(Information shown):

....................

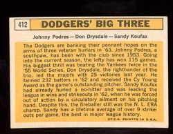 1963 Topps Baseball #412 Dodgers Big Three Don Drysdale Sandy Koufax
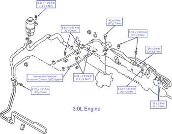 | Power steering hoses removal/installation (3.0L) |
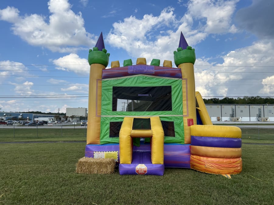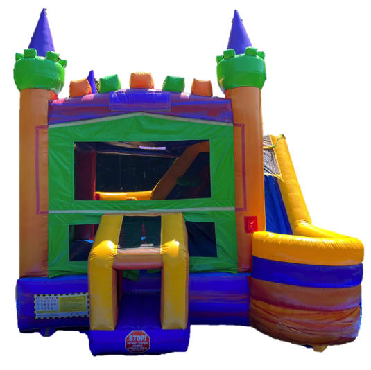 Are you ready to Take a tour of our XL Castle Combo inflatable? Let's go! In the video, you see all of the fun features inside & even go down the waterslide with us! Hang on & enjoy the ride!

....................

What you give back should be exactly the lines from the line holding "removal/installation (3.0L) |" through the final line of the material, both ends included, and please leave out the pictures.

(Task answer):
 | Power steering hoses removal/installation (3.0L) |
 Are you ready to Take a tour of our XL Castle Combo inflatable? Let's go! In the video, you see all of the fun features inside & even go down the waterslide with us! Hang on & enjoy the ride!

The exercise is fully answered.